From the first line of the records below through the line with "ReWork Dripper S", output each line exactly; skip the pictures.
■ ■ ■ ■ ■
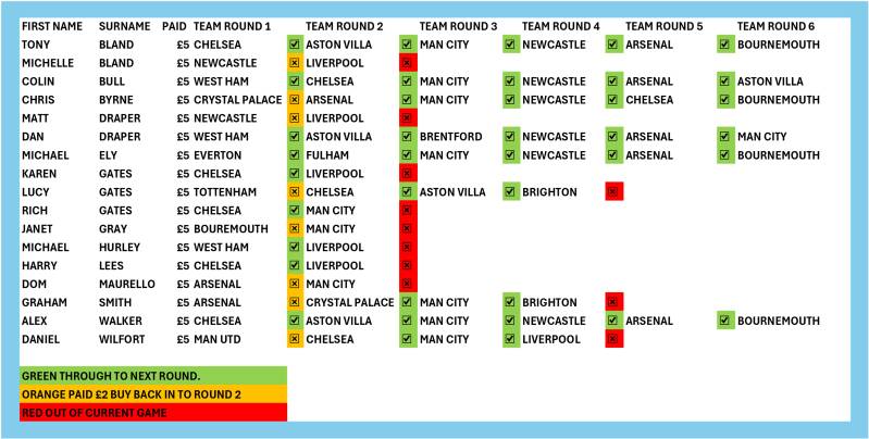 LAST PLAYER STANDING ROUND 6 SELETED TEAMS
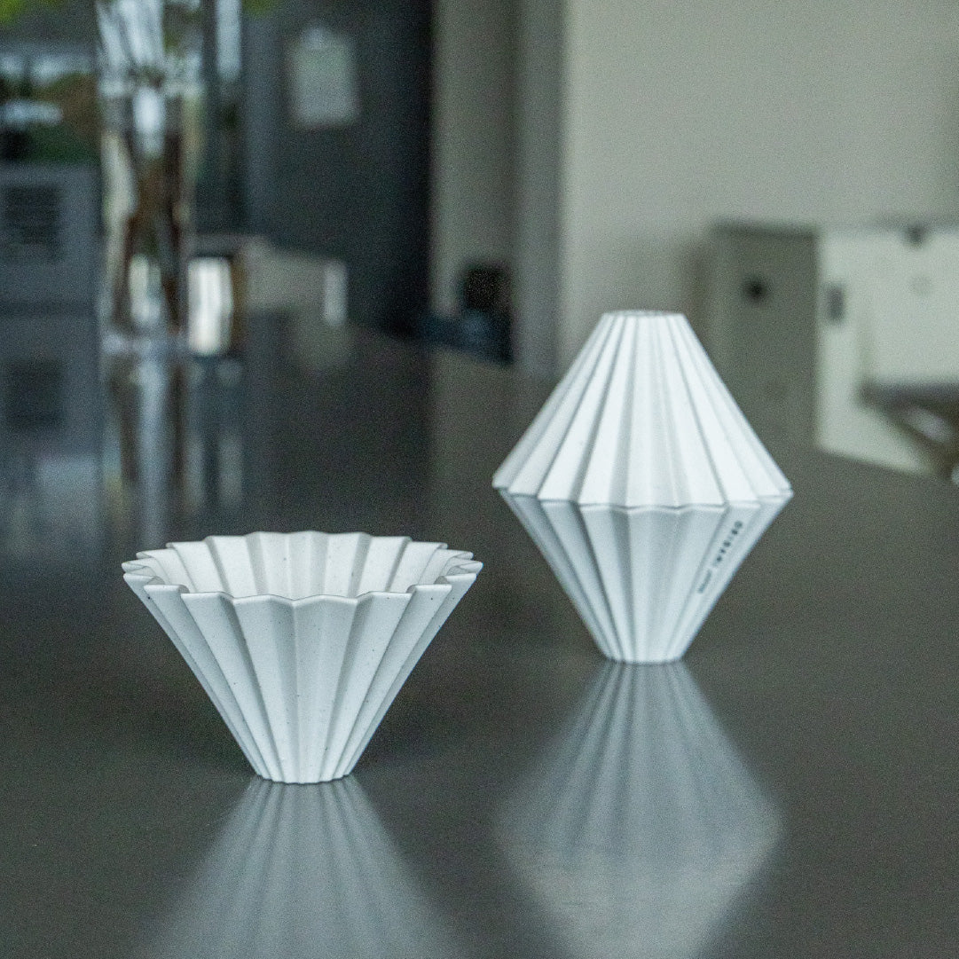 ReWork Dripper S (リワーク ドリッパー S) プロ仕様の機能設計 ORIGAMIドリッパーの特徴である20本の溝が、お湯の流れを安定させ、初心者でもバリスタのような抽出を可能にします。 円すい型とウェーブ型、2種類のペーパーフィルター対応。フィルターを変えるだけで、同じコーヒー豆から全く違う味わいを楽しめます。 環境にやさしい選択 「ReWork」プロジェクト第一弾。製造時にリサイクル磁器を20%使用し、環境に配慮しながら機能性を実現しました。 粉砕したリサイクル磁器を練り込むことで生まれる、一つひとつ異なる表情。釉薬を使わないマットな質感が、キッチンに洗練された佇まいをもたらします。 互換性 ※従来品より数ミリ大きくなりますが、ペーパーフィルターやホルダーは共通でご使用いただけます。 素材 磁器/日本製 ※表面の細かい凹凸や小さな穴は陶磁器の特性です。 お手入れ方法 耐熱温度差120℃、電子レンジ、食洗機使用可 サイズ・重量 Φ115×70H 底穴Φ25 約119g配送についてはこちらから。 納品書がご不要の方は、カート内の備考欄にご記入下さい。International customers can visit our online store in English by clicking the link below.Online Store in EnglishIf you have...
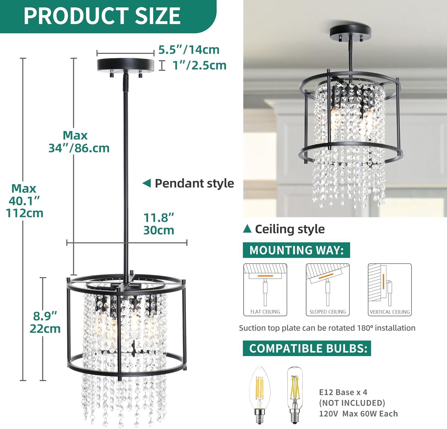 COMPATIBLE WITH E12 BULBS: The kitchen chandelier works with 4 various Edison 12 LED/Halogen/Incandescent/CFL bulbs (60W Max, NOT INCLUDED). The spotlights allow you to enjoy bright or natural lighting and are dimmable when used with a dimmer switch and dimmer bulbs
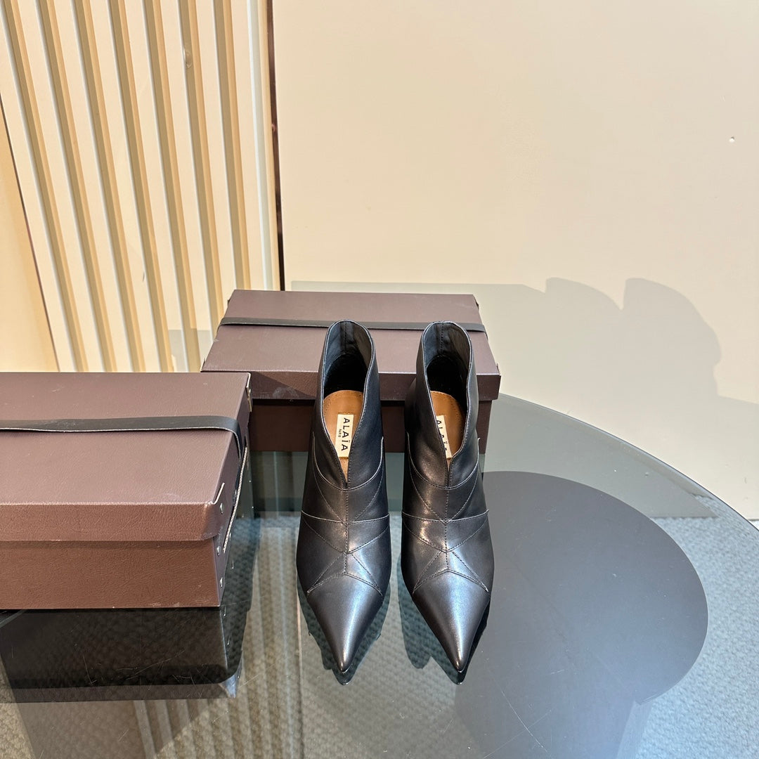 Alaila Heeled Ankle Boots 85mm In Black Cowhide 921036
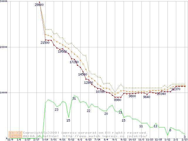 Socket A (Thunderbird,PGA,FSB 266MHz,L2 256KB)の最安値推移
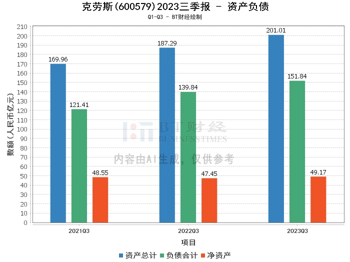 从资产负债方面看,克劳斯公司2023年三季度末的总资产为201.01亿元,较上年度末的200.66亿元略有增长。负债合计为151.84亿元,相比上年度末的165.74亿元有所下降。净资产为49.17亿元,较上年度末的34.92亿元有所增长。资产负债率为75.54%,较上年度末的82.6%有所下降。这表明公司的财务状况有所改善,负债负担减轻。
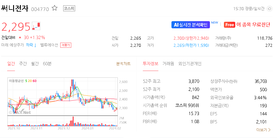 써니전자 주가 분석
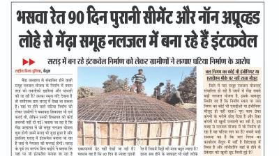 (बैतूल) भसवा रेत 90 दिन पुरानी सीमेंट और नॉन अप्रूव्हड लोहे से मेंढ़ा समूह नलजल में बना रहे हैं इंटकवेल , - सराड़ में बन रहे इंटकवेल निर्माण को लेकर ग्रामीणों ने लगाए घटिया निर्माण के आरोप
■ ■ ■ ■ ■
**Reply:**
 LAST PLAYER STANDING ROUND 6 SELETED TEAMS
 ReWork Dripper S (リワーク ドリッパー S) プロ仕様の機能設計 ORIGAMIドリッパーの特徴である20本の溝が、お湯の流れを安定させ、初心者でもバリスタのような抽出を可能にします。 円すい型とウェーブ型、2種類のペーパーフィルター対応。フィルターを変えるだけで、同じコーヒー豆から全く違う味わいを楽しめます。 環境にやさしい選択 「ReWork」プロジェクト第一弾。製造時にリサイクル磁器を20%使用し、環境に配慮しながら機能性を実現しました。 粉砕したリサイクル磁器を練り込むことで生まれる、一つひとつ異なる表情。釉薬を使わないマットな質感が、キッチンに洗練された佇まいをもたらします。 互換性 ※従来品より数ミリ大きくなりますが、ペーパーフィルターやホルダーは共通でご使用いただけます。 素材 磁器/日本製 ※表面の細かい凹凸や小さな穴は陶磁器の特性です。 お手入れ方法 耐熱温度差120℃、電子レンジ、食洗機使用可 サイズ・重量 Φ115×70H 底穴Φ25 約119g配送についてはこちらから。 納品書がご不要の方は、カート内の備考欄にご記入下さい。International customers can visit our online store in English by clicking the link below.Online Store in EnglishIf you have...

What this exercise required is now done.